Most “New” Ideas Are Just Early Ideas Finally Working

There’s a useful way to think about innovation that doesn’t get discussed enough.

A lot of what we call new has already been tried. Sometimes recently. Sometimes decades ago. The core idea shows up, someone builds it, it doesn’t quite work, and then it comes back later under slightly different conditions.

If you look at how things actually get built over time, the same categories keep reappearing. Communication, payments, transport, coordination, health. People keep taking runs at them as the world changes around them.

What tends to determine the outcome is whether the surrounding conditions support the idea at that moment.

That’s why looking at earlier attempts is more than just interesting. It’s a practical way to judge whether something might work now.

If something failed before, the useful question is what stopped it from working at the time. Once you understand that, you can look at whether those constraints still exist.

A few examples help ground this.

General Magic tried to build a handheld device with messaging, apps, and networked services in the 90s. It didn’t get traction. There was no real mobile internet, hardware was limited, and battery life made it impractical. The idea itself carried forward. The conditions caught up later.

Webvan built online grocery delivery before people were used to ordering things online. They invested heavily in infrastructure and couldn’t make the economics work. Demand wasn’t concentrated enough, logistics software wasn’t mature, and behavior hadn’t shifted yet. The same model later works because those pieces fell into place.

Digital money showed up earlier than most people realize. Early systems were technically sound but had no real distribution and limited usage. Now digital payments are a default in many places.

Tablets were shipped before they made sense. The early versions were slow and awkward. A few years later, the same concept works because the underlying components improved and there was a real ecosystem around it.

When you look across these, it comes down to a few recurring constraints. Compute, cost, infrastructure, and behavior. When one or more of these changes, ideas that didn’t work before start to look viable.

The list of areas where this applies is long.

Autonomous vehicles have been worked on for decades. Progress picked up once perception systems and compute improved.

Vertical farming has been around since the 70s. It starts to make more sense once lighting efficiency and environmental controls improve.

Voice interfaces existed long before they became usable. They needed better models and more data.

Remote work was possible in theory long before it became common. It needed reliable connectivity and a shift in how people operate day to day.

Some areas are still developing.

General-purpose robotics is still limited outside structured environments. Brain-computer interfaces are still early. Carbon capture is improving but still expensive. Fully autonomous supply chains are still not widely deployed.

Then there are cases where multiple attempts have been made and the outcome is still unclear.

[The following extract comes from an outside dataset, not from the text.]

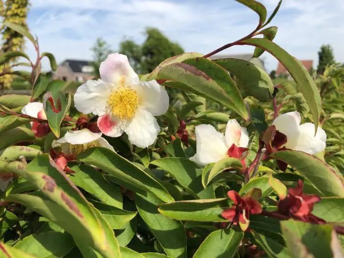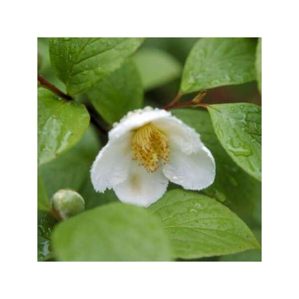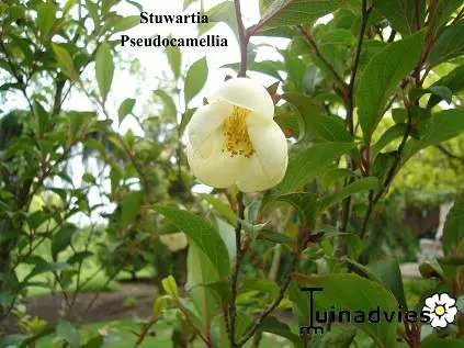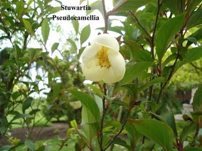 Stewartia pseudocamellia is een struikachtige boom en bloeit met op camelia lijkende witte bloemen.

Virtual reality is one of the more interesting ones.

The hardware has improved significantly. The experience is better than it used to be. It still hasn’t become part of everyday life for most people.

Some of the constraints here are technical. Some relate to comfort, motion sickness, and how people actually want to spend their time. It’s not obvious yet how broadly it fits into daily behavior.

One thing that becomes clearer when you look at these histories is that innovation cycles don’t always take decades.

Sometimes the gap between attempts is much shorter.

Airbnb is a good example of that.

Short-term rentals and home-sharing existed before Airbnb. The idea of renting out spare space was not new. What changed was the timing.

It launched into the global financial crisis, when people were more open to finding cheaper accommodation and also more willing to monetize spare rooms to generate income. Payments infrastructure was better, smartphones made discovery easier, and trust systems like reviews were more accepted.

Those conditions came together in a way that allowed it to scale quickly.

That’s an important point. You don’t always need a long gap between attempts. Sometimes the difference is a narrow window where behavior, infrastructure, and incentives line up.

Another pattern that shows up is how teams approach the problem.

Some stay focused on the underlying problem and adjust their approach over time. Others get tied to a specific method or technology.

In AI, early efforts focused on manually encoding rules. That approach didn’t scale well. More recent approaches rely on data and learning, which handles complexity differently.

In space, newer companies run more iterative programs and learn from repeated attempts rather than trying to get everything right upfront.

How flexible a team is in adjusting its approach affects whether it can keep moving when something doesn’t work.

Right now, several underlying constraints are shifting at once.

Compute is more accessible. Sensors are cheaper and more widespread. Software is being applied more directly to physical systems. There’s more capital going into industrial and hardware problems again.

When that happens, older ideas tend to come back into focus.

A useful way to look for opportunities is to start with things that didn’t work before and understand why.

If the reason they failed has changed, it’s worth taking another look.

This doesn’t guarantee anything. It does help filter for ideas that have a better chance of working in the current environment.

Most people focus on what feels new. Spending time on what has already been tried gives you a clearer view of what might actually work now.